- Aim of the exercise: Your answer should hold exactly the lines below from the line with "Allí vamos a" through the line with "Ví dụ: Trong", both included, and no pictures at all.

- Extracted data entries:

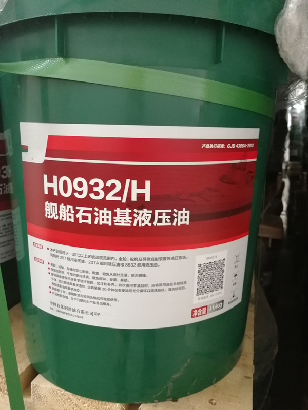 H0932/H舰船石油基液压油,以低凝油矿物油为基础油,并加有抗磨,抗氧,防锈等多种添加剂调合而成。
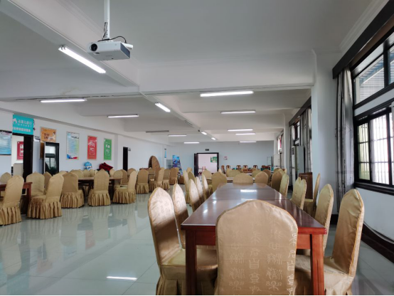 西餐厅实训室于2015年8月建成,使用面积250平方米。教学设备总价值16万余元。拥有联想电脑1台,1套多媒体影声设备,包括1台投影机,1台功放与1台无线话筒,配置十二张餐桌及一百二十张椅子,拥有一百二十多套餐饮碗具及杯具。完全模拟餐厅饮食服务场景,是员工进行西餐服务基本技能训练的实训基地。
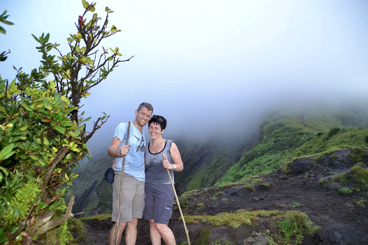 De gids zoekt voor ons een mooie stok uit die we kunnen gebruiken als steun tijdens de hike; we voelen ons gelijk nog 10 jaar ouder. We klauteren 2½ uur over wortels, door loopgraven en over rotsblokken om bij de boomgrens op 1000m te komen. Daar kunnen we eindelijk van de beloofde vergezichten genieten en zien dat de top van de vulkaan die (zoals gewoonlijk) in de wolken is verstopt. Het waait hier enorm en het kost moeite om te blijven staan. Onze benen voelen zwaar en we zijn erg blij dat we niet de 12 uur durende klim naar de top hebben besproken want dat was na de 50km fietsen van gisteren een hele lijdensweg geworden. We zien al op tegen de terugweg.
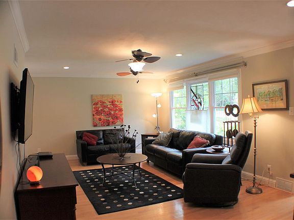 The house you've often admired - charming 3 bedroom 2 bath ranch totally renovated in the last 10 years. Drive up the circle driveway, take one step up to enter the foyer and light-filled living room with hardwood flooring. Living room opens to dining room which has sliding doors to spacious deck overlooking fenced yard. Newer kitchen open to breakfast room and also opens to deck. Master bedroom features hardwood flooring, special coffered ceiling, huge (9X13) walk-in closet, and adjacent full bath with tub and separate shower. Two more nice sized bedrooms also with hardwood flooring and another beautiful bath complete the first floor. House has beautiful mill work, ceiling fans throughout, canned lighting in living room, and even a laundry chute! Lower level has large family room for space to spread out, plus lots of storage space with shelving, and the laundry room. One car attached garage enters into bedroom Breakfast room currently used as office.
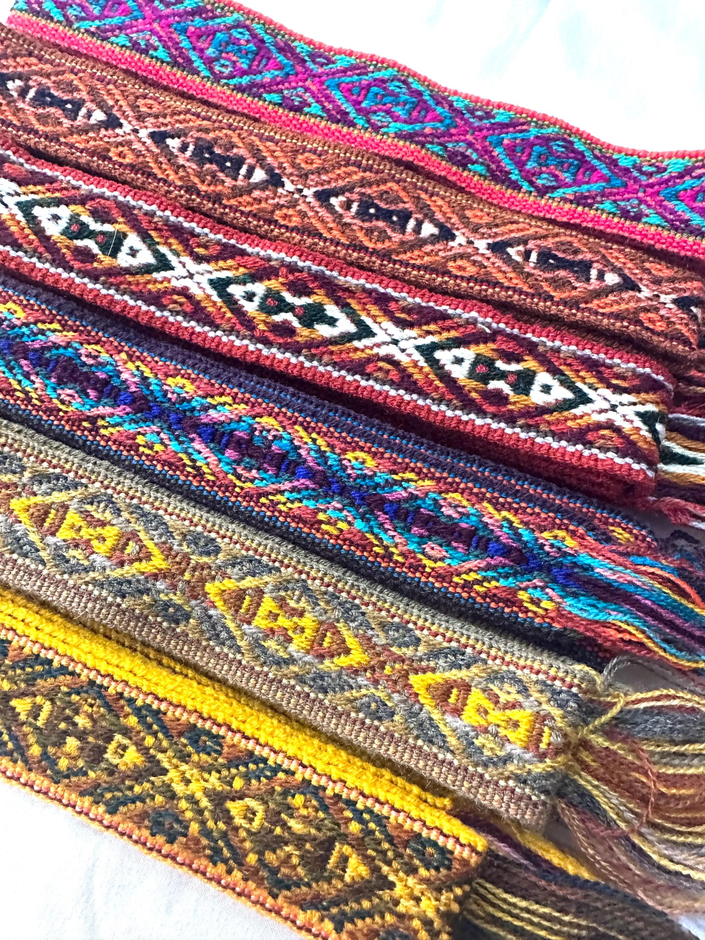These belts are made in Ecuador, in the beautiful and colorful town of Otavalo. I got them directly from the indigenous weavers.
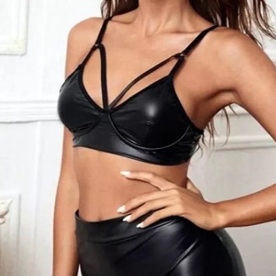 Crop Top de Cuerina Ajustado y Sexy con Tiras Decorativas – Estilo Audaz y Elegante
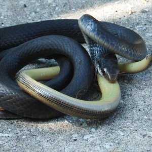 У Джеймса Б. Мерфи из Смитсоновского музея естественной истории в Вашингтоне, округ Колумбия, также однажды «была королевская змея, которая сбрасывала кожу и начала поедать чешуйки, которые еще оставались на хвосте. Она заглатывала свой хвост до тех пор, пока я не вмешался».
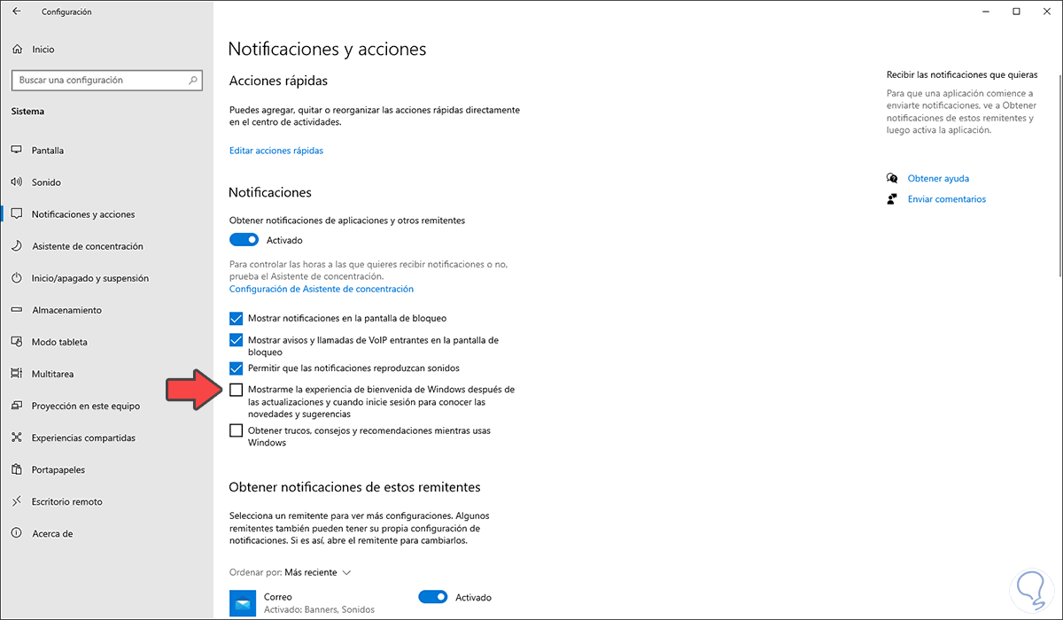 Allí vamos a Sistema – Notificaciones y acciones y allí desactivamos la casilla “Mostrarme la experiencia de bienvenida de Windows después de las actualizaciones y cuando inicie sesión para conocer las novedades y sugerencias”:
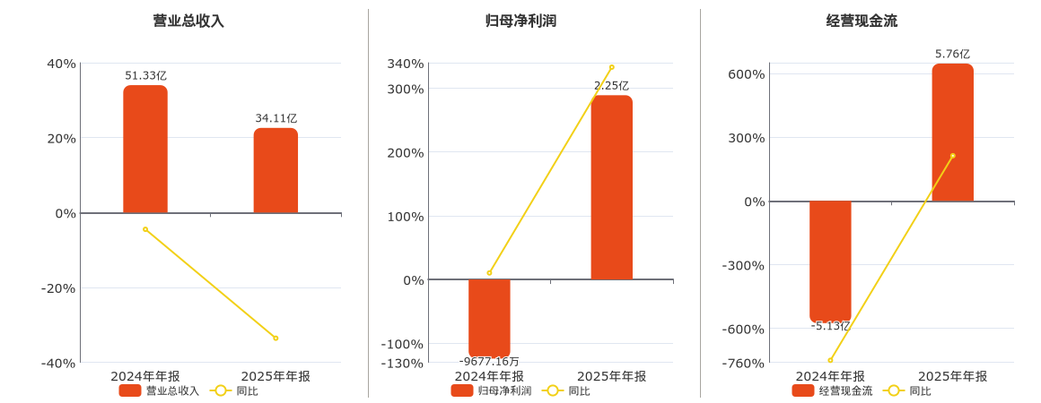 公司营业总收入为34.11亿元,在已披露的同业公司中排名第37。归母净利润为2.25亿元,在已披露的同业公司中排名第32。经营活动现金净流入为5.76亿元。
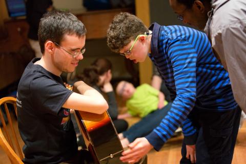 Perkins student Tim C. works with Berklee alumnus Noe Socha.
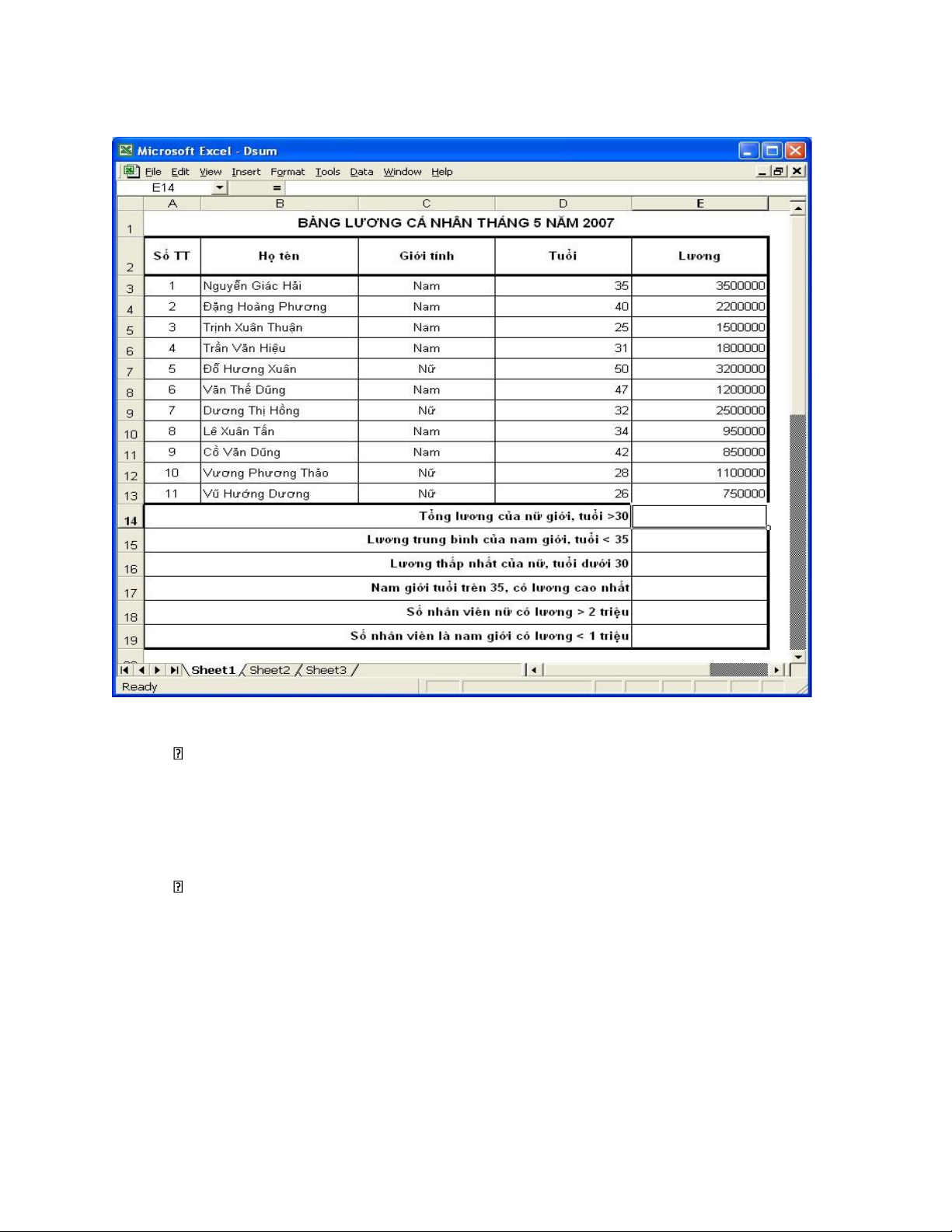 Ví dụ: Trong tháng 5 năm 2007 công ty CANHCAM có bảng lương như hình
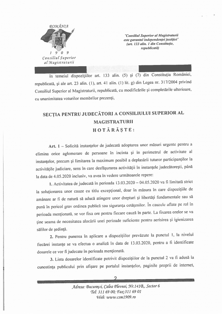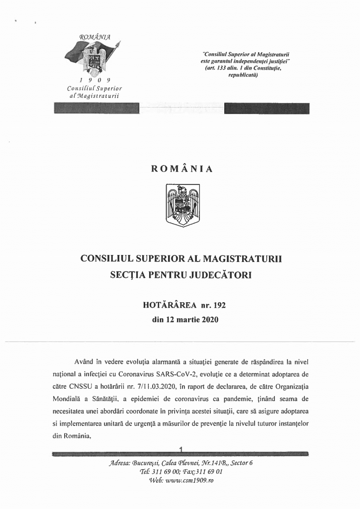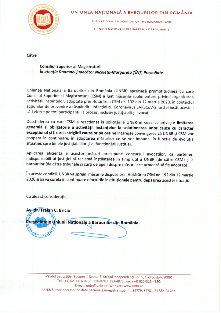 Hotărârea Consiliului Superior al Magistraturii (CSM) nr. 192 din 12 martie 2020 privind măsuri suplimentare pentru organizarea activității instanțelor, în contextul acțiunilor de prevenire a răspândirii infecției cu Coronavirus SARS-CoV-2 și Adresa Uniunii Naționale a Barourilor din România (UNBR) care apreciază promptitudinea cu care CSM a luat măsurile din Hotărârea nr. 192/12.03.2020 care vizează pe toți participanții la proces, inclusiv justițiabili și avocați
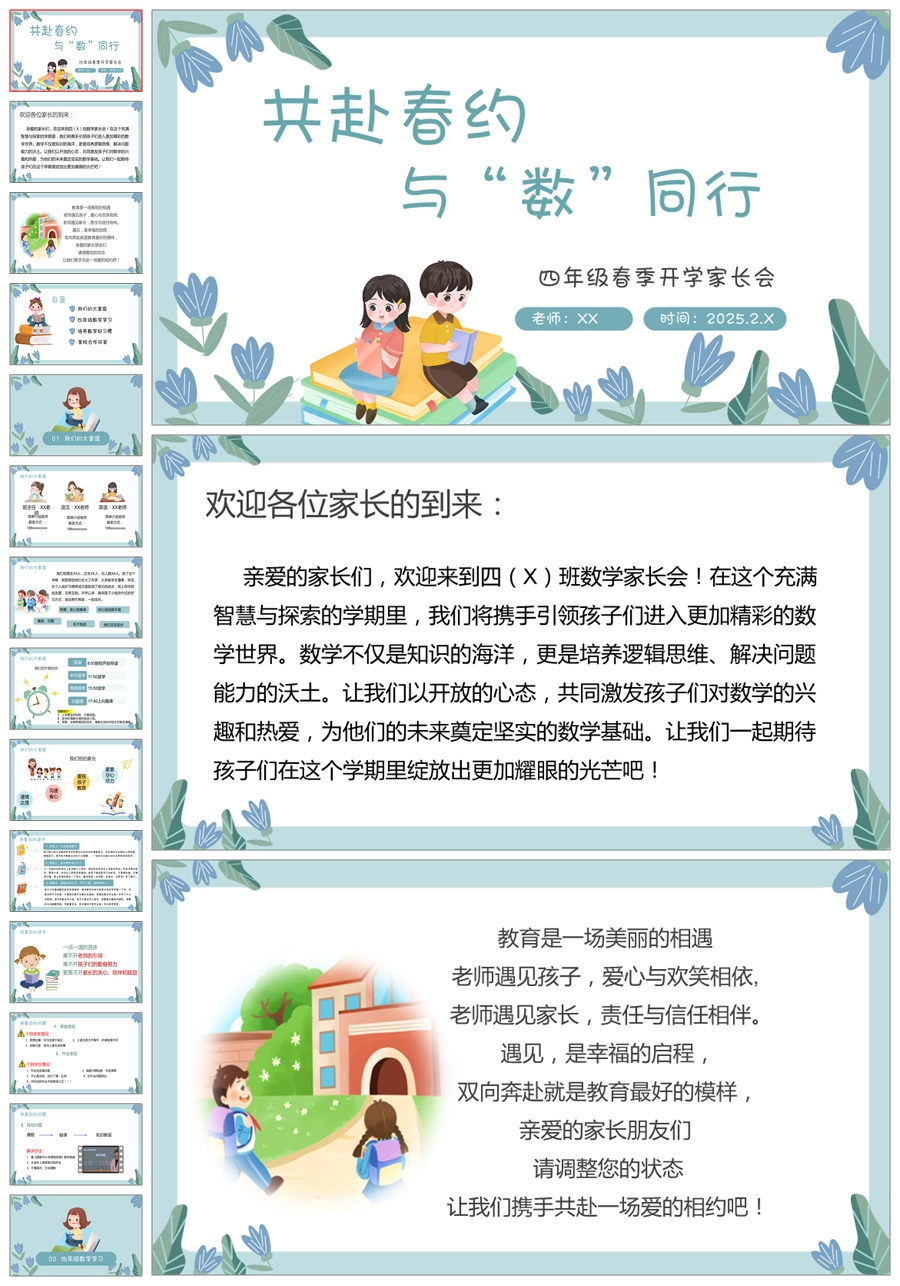 【5362】【四下】【数学】【共赴春约 与数同行】四年级下学期开学家长会PPT课件+发言稿
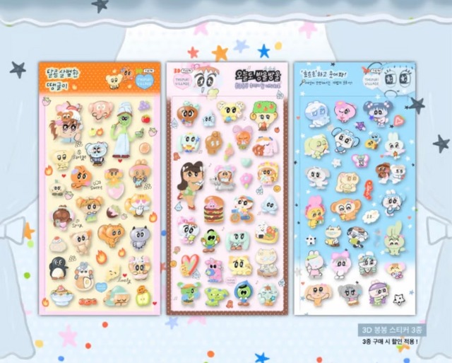 韓国限定 THE PURI VILLAGE 3種セット 3D CRYSTAL STICKER 立体 シール ステッカー ぷっくり クリスタル プリビレ 韓国作家 デザイン
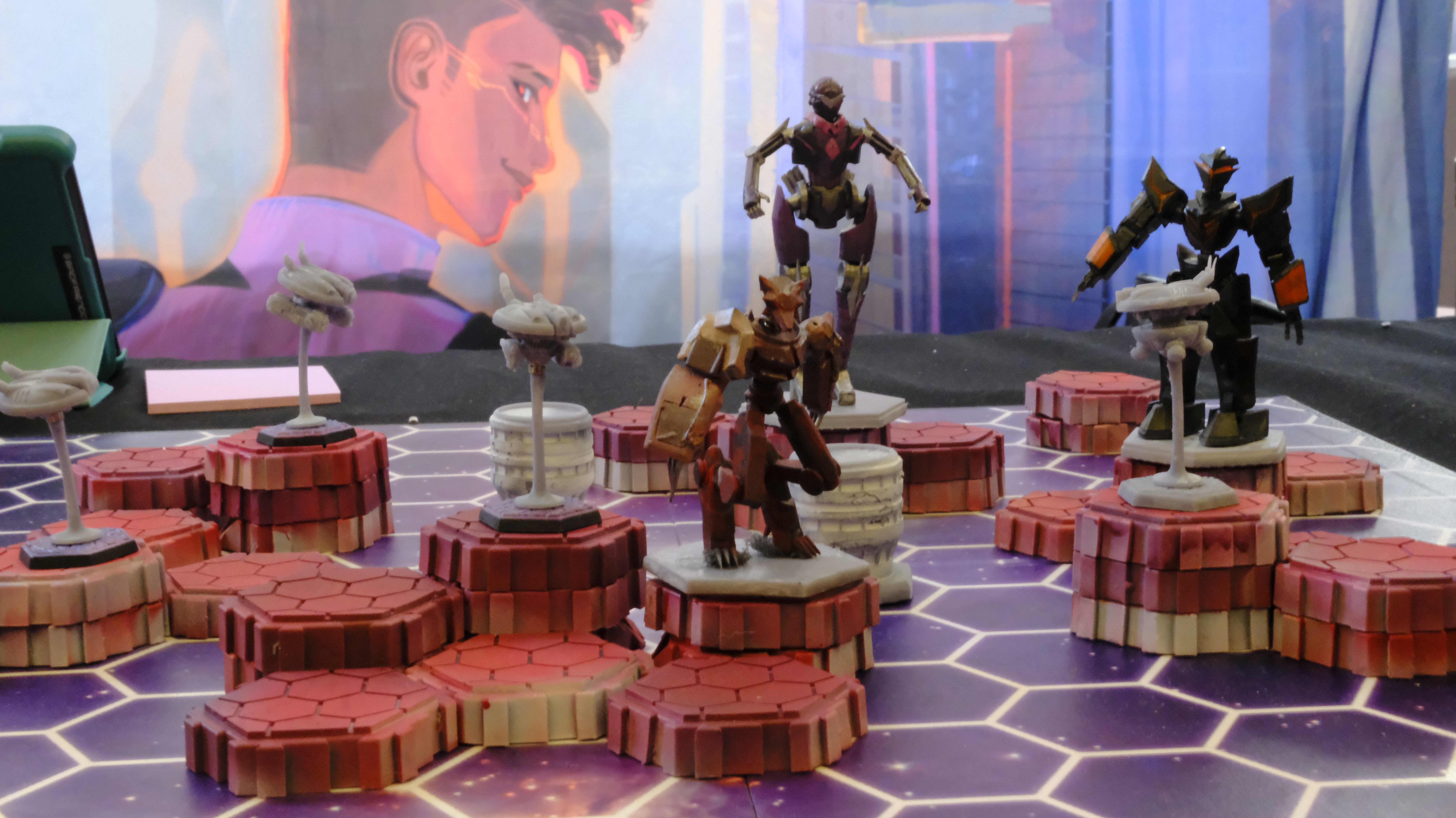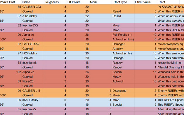 I oversee the full development lifecycle, from concept and early prototypes through iterative playtesting and convention demos. My design work sees me primarily using spreadsheets to numerically balance game mechanics. I Engineer data-driven balancing systems using spreadsheets and QA analytics to refine mechanics for competitive balance and accessibility. At its core, SUNRIZE : MECHANITE is designed to be modular, fast paced, and accessible. Using an interchangeable mech-building system and modular game pieces to allow players to express skill and strategy.

- Your response:
 Allí vamos a Sistema – Notificaciones y acciones y allí desactivamos la casilla “Mostrarme la experiencia de bienvenida de Windows después de las actualizaciones y cuando inicie sesión para conocer las novedades y sugerencias”:
 公司营业总收入为34.11亿元,在已披露的同业公司中排名第37。归母净利润为2.25亿元,在已披露的同业公司中排名第32。经营活动现金净流入为5.76亿元。
 Perkins student Tim C. works with Berklee alumnus Noe Socha.
 Ví dụ: Trong tháng 5 năm 2007 công ty CANHCAM có bảng lương như hình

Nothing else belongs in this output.